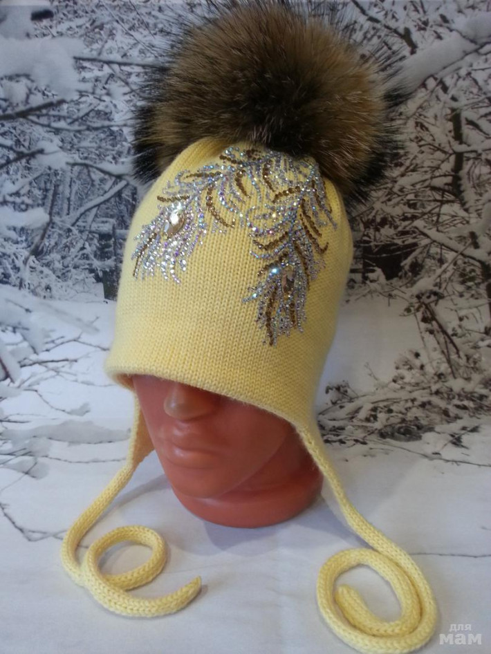 Декорирована перышками из хрустальных страз ручной выкладки и 2-мя пришивными камнями-капельками.
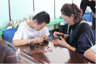 听觉体验通过制作果壳风铃实现,风铃发出的自然轻柔声响有助于孩子们听觉注意力的集中与情绪调节,在触摸天然材质的过程中舒缓焦虑,感受宁静。
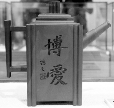 图为“顶天立地”博爱紫砂壶。该壶由紫砂方壶大师、江苏省工艺美术名人邵顺生制作。王连伟摄
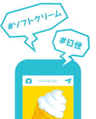 ハッシュタグ「#ソフトクリーム」「#日世」をつけて投稿してください。
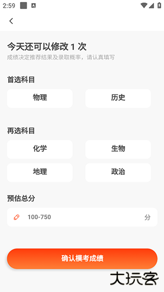 3、然后选择科目和预估分数等信息

____________

→ Exercise goal:
In the copy, keep every line of the data above exactly and drop each picture.

→ Answer to the exercise:
 Декорирована перышками из хрустальных страз ручной выкладки и 2-мя пришивными камнями-капельками.
 听觉体验通过制作果壳风铃实现,风铃发出的自然轻柔声响有助于孩子们听觉注意力的集中与情绪调节,在触摸天然材质的过程中舒缓焦虑,感受宁静。
 图为“顶天立地”博爱紫砂壶。该壶由紫砂方壶大师、江苏省工艺美术名人邵顺生制作。王连伟摄
 ハッシュタグ「#ソフトクリーム」「#日世」をつけて投稿してください。
 3、然后选择科目和预估分数等信息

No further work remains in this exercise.